- [DESCRIPTION OF THE TASK]
Once you find the line containing "Short sleeve, v-neckline, shirtdress, solid, ruched" in the data below, copy it and each following line exactly, up to and including the line containing "Cabe resaltar que", and nothing else.

- [ENTRIES SUPPLIED]

####################

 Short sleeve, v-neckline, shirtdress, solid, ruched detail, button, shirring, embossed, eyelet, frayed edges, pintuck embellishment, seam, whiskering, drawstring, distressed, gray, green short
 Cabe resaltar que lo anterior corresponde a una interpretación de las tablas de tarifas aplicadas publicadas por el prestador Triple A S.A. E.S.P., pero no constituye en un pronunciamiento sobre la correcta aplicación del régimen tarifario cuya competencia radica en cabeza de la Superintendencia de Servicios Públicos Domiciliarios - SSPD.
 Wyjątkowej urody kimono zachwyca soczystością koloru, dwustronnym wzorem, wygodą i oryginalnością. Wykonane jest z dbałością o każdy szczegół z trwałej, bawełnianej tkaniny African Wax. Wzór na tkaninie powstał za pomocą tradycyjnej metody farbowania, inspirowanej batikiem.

####################

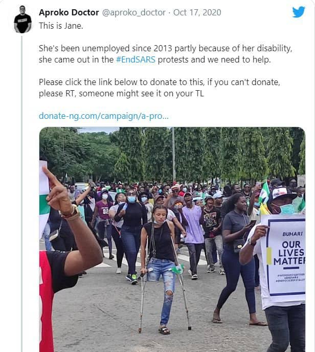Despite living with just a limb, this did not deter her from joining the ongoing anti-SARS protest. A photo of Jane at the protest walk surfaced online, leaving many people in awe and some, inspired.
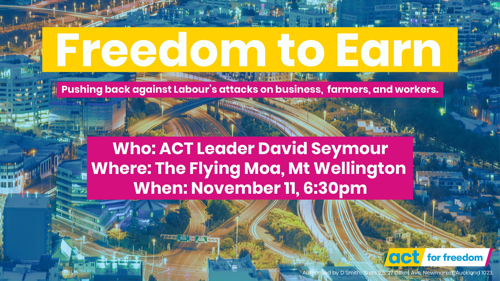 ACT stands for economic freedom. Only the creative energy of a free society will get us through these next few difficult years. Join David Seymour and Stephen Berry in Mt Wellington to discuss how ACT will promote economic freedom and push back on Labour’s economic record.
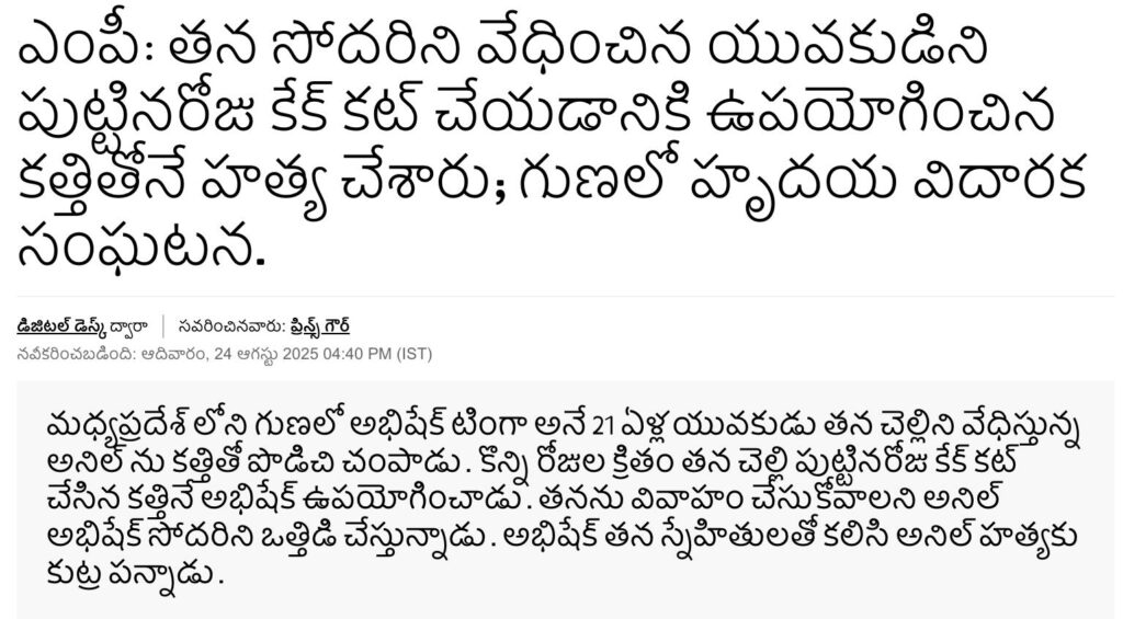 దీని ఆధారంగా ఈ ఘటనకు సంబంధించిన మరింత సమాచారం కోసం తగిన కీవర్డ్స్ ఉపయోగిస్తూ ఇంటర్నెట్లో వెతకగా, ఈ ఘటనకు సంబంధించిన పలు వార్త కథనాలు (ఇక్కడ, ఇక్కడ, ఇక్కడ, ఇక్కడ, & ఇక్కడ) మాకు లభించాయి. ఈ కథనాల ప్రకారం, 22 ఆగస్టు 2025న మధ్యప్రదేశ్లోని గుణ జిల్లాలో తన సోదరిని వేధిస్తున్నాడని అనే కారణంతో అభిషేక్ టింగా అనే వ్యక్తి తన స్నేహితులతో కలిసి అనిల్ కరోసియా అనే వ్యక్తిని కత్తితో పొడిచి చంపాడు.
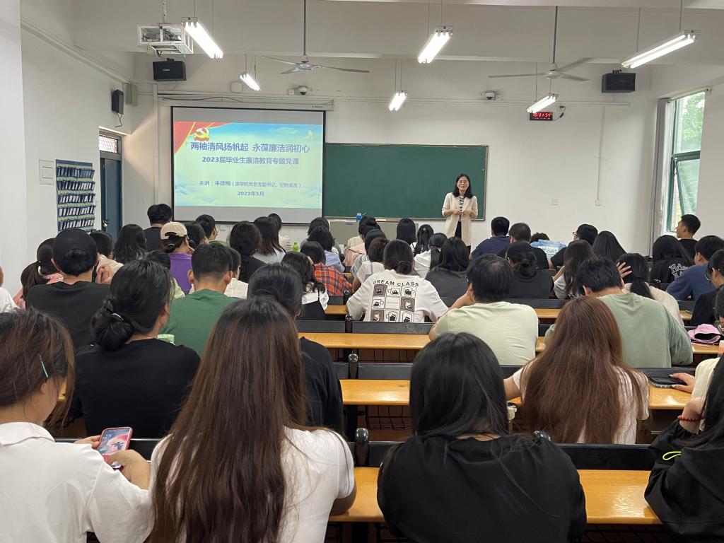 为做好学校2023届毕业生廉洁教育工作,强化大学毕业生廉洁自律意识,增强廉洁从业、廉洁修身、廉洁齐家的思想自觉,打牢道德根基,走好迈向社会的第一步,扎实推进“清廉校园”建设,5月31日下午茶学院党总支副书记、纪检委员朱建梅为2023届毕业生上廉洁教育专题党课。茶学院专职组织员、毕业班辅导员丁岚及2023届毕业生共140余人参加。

####################

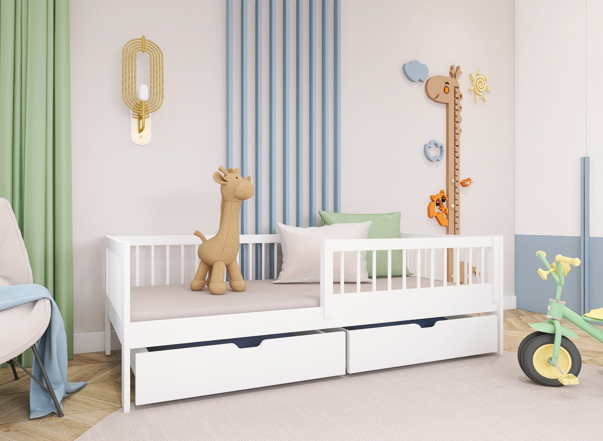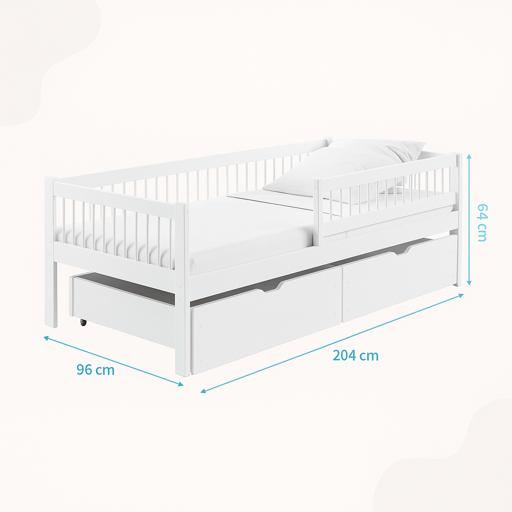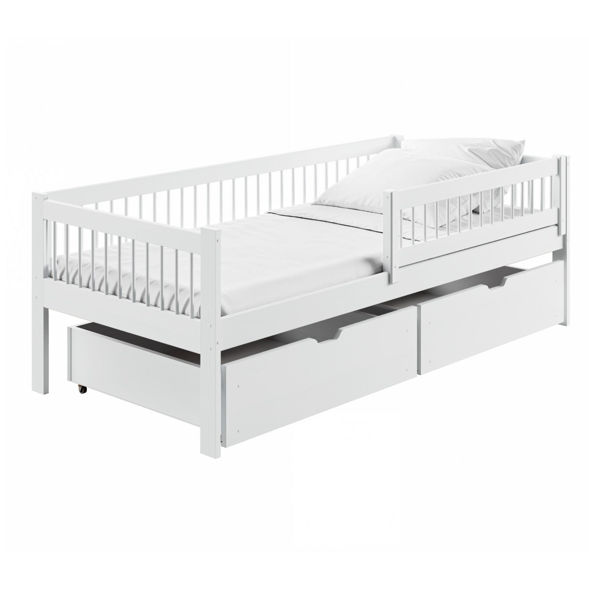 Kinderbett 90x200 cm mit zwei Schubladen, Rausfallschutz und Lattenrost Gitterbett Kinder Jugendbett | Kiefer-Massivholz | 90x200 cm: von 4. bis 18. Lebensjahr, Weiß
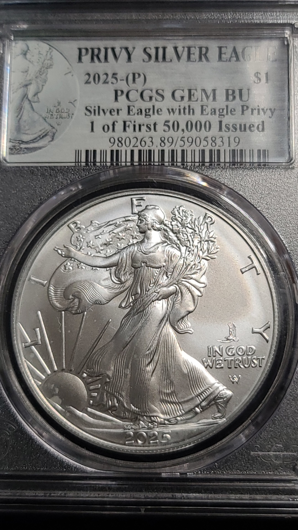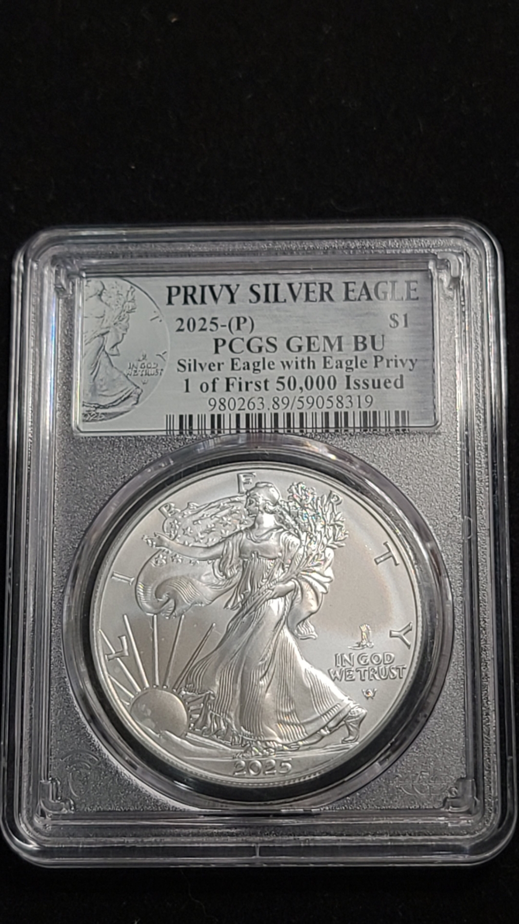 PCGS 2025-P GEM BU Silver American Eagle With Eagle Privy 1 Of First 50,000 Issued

####################

- [EXPECTED ANSWER]
 Short sleeve, v-neckline, shirtdress, solid, ruched detail, button, shirring, embossed, eyelet, frayed edges, pintuck embellishment, seam, whiskering, drawstring, distressed, gray, green short
 Cabe resaltar que lo anterior corresponde a una interpretación de las tablas de tarifas aplicadas publicadas por el prestador Triple A S.A. E.S.P., pero no constituye en un pronunciamiento sobre la correcta aplicación del régimen tarifario cuya competencia radica en cabeza de la Superintendencia de Servicios Públicos Domiciliarios - SSPD.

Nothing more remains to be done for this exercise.